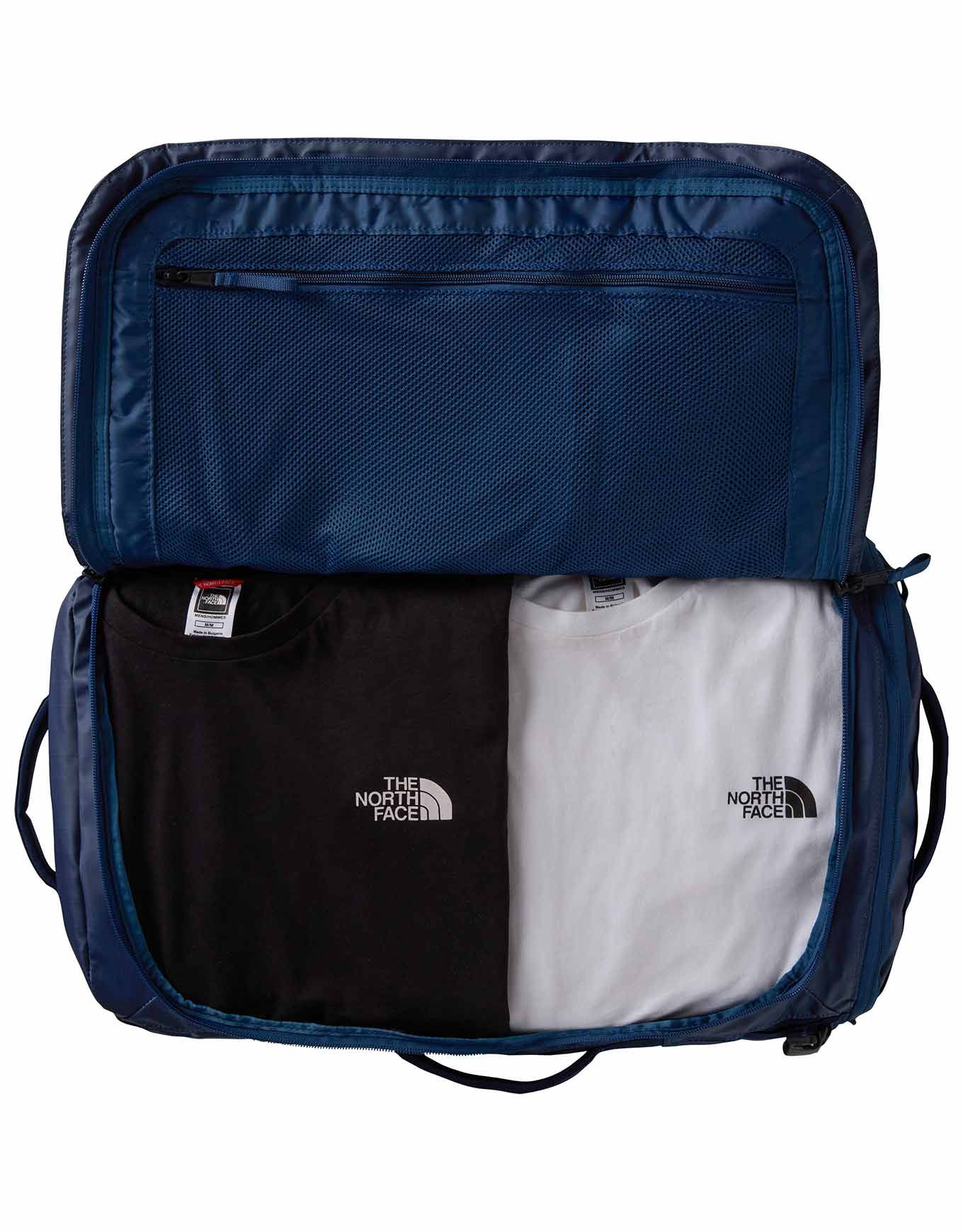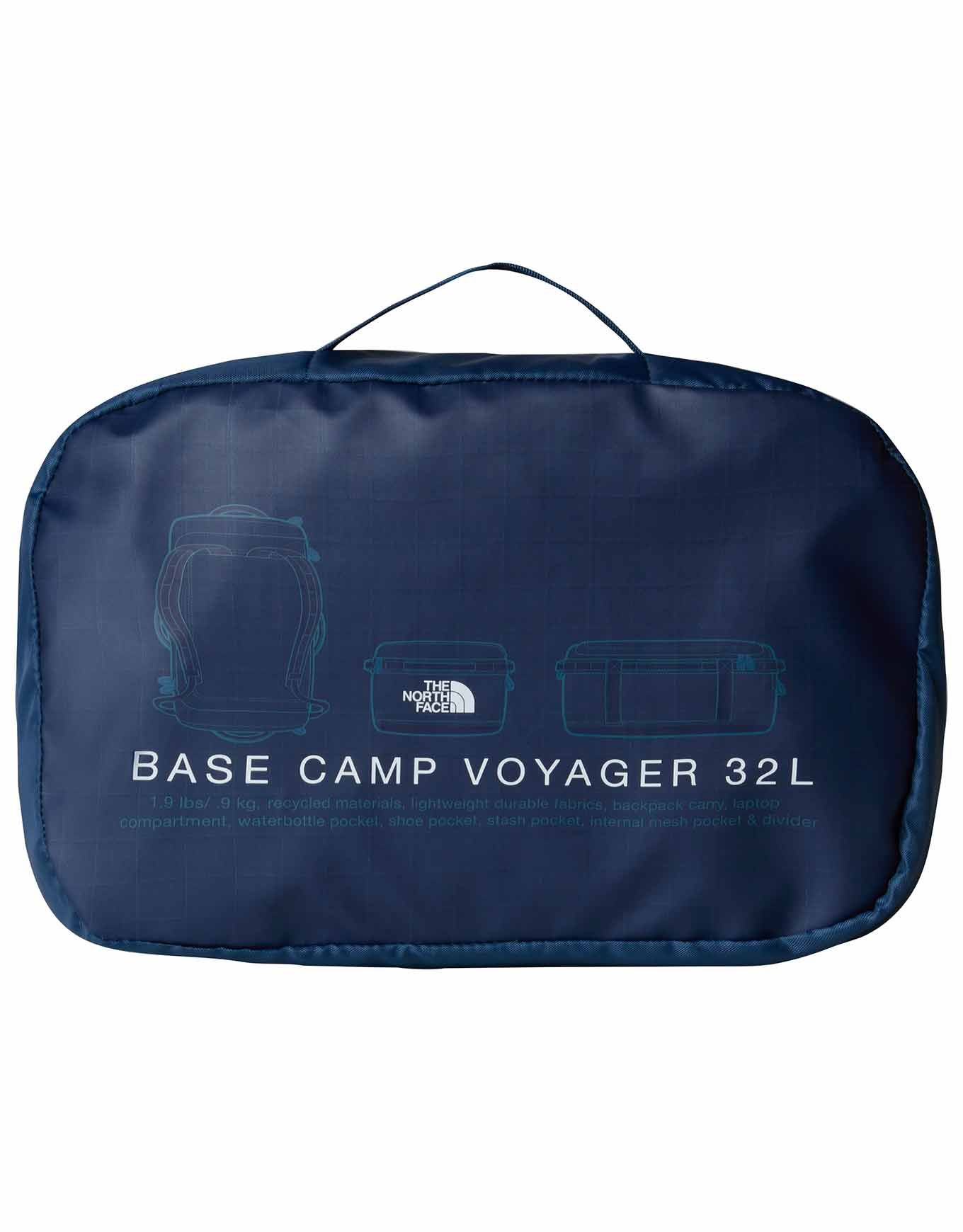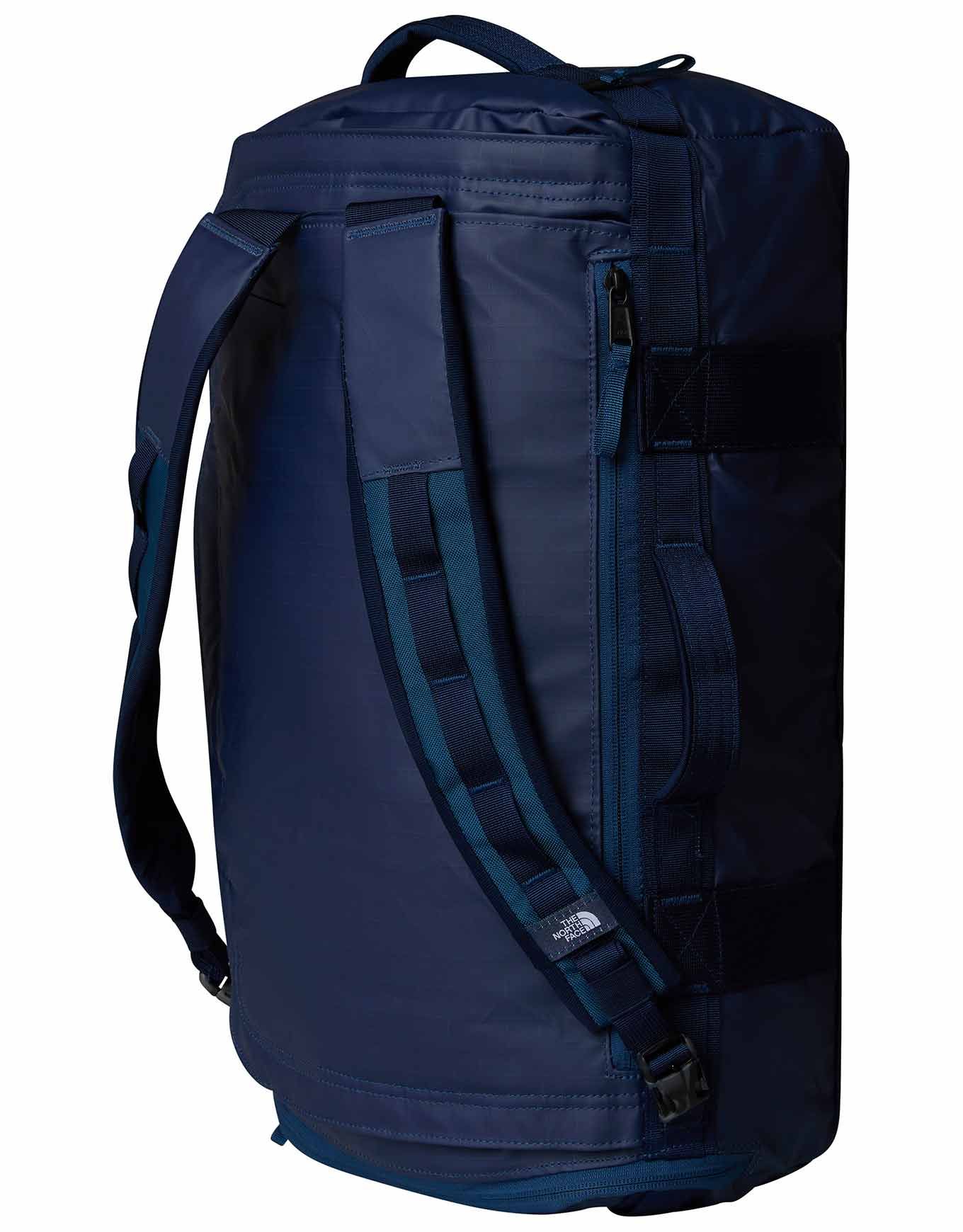 The North Face Base Camp Voyager Duffel 32L Shady Blue Summit Navy est un sac de voyage ultra-résistant en matière recyclée, léger et convertible en sac à dos, avec poche ordinateur et compartiments réglables.
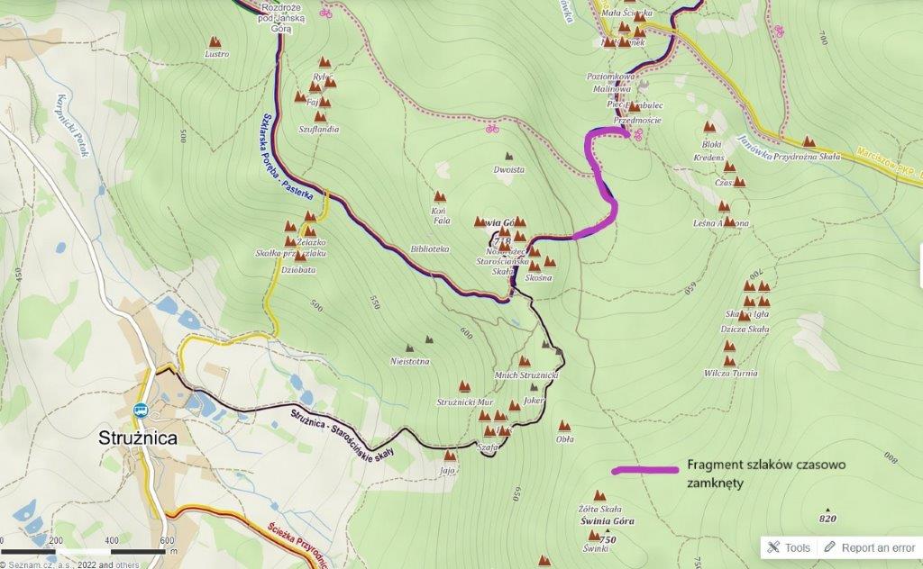 Nadleśnictwo „Śnieżka” informuje o czasowym zamknięciu odcinków szlaków rejonie szlaku pieszego niebieskiego oraz rowerowego prowadzącego ze Starościańskich Skał (Lwiej Góry) w kierunku skałek Piec i Skalny Most.
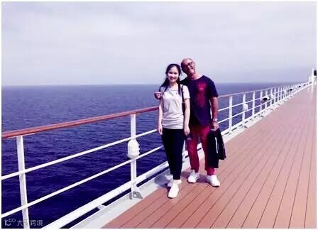 当天下午我们来到邮轮的最高层欣赏美景,我从未如此近距离的接触过大海,使我情不自禁地想起白居易的诗句“海水无风时,波涛安悠悠”,站在甲板上的我就好像拥进了大海的怀抱,它让我感到人是那么的渺小,它无边无际,深不可测。主办方的两位老师除了带队杨老师外,还有一位摄影老师,我们都叫他张大师,我们在船上的一点一滴都被他用相机记录了下来,也给我们录制了宣传片,这都会是我们人生中一笔宝贵的财富。
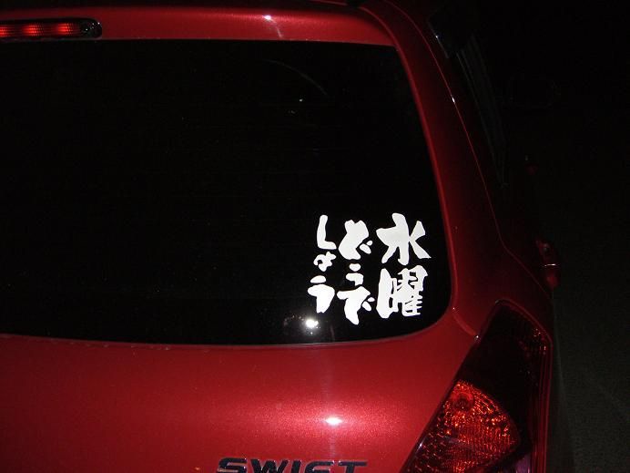 ストフェスの時にファミマの駐車場に止まってた旧車に水曜どうでしょうとテレビのツボステッカーが並んで貼られてた
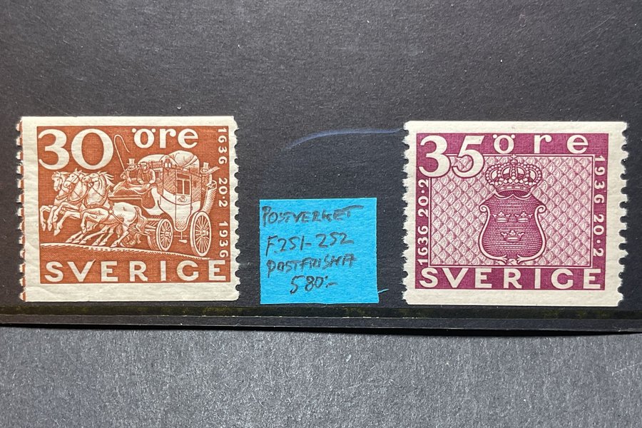 Postfriskt Postverket F.251 30 öre & F.252 35 öre (580:-)

========

- [TASK ITEM] Repeat the listing exactly, minus its pictures.

- [RESPONSE TO THIS EXERCISE]
 The North Face Base Camp Voyager Duffel 32L Shady Blue Summit Navy est un sac de voyage ultra-résistant en matière recyclée, léger et convertible en sac à dos, avec poche ordinateur et compartiments réglables.
 Nadleśnictwo „Śnieżka” informuje o czasowym zamknięciu odcinków szlaków rejonie szlaku pieszego niebieskiego oraz rowerowego prowadzącego ze Starościańskich Skał (Lwiej Góry) w kierunku skałek Piec i Skalny Most.
 当天下午我们来到邮轮的最高层欣赏美景,我从未如此近距离的接触过大海,使我情不自禁地想起白居易的诗句“海水无风时,波涛安悠悠”,站在甲板上的我就好像拥进了大海的怀抱,它让我感到人是那么的渺小,它无边无际,深不可测。主办方的两位老师除了带队杨老师外,还有一位摄影老师,我们都叫他张大师,我们在船上的一点一滴都被他用相机记录了下来,也给我们录制了宣传片,这都会是我们人生中一笔宝贵的财富。
 ストフェスの時にファミマの駐車場に止まってた旧車に水曜どうでしょうとテレビのツボステッカーが並んで貼られてた
 Postfriskt Postverket F.251 30 öre & F.252 35 öre (580:-)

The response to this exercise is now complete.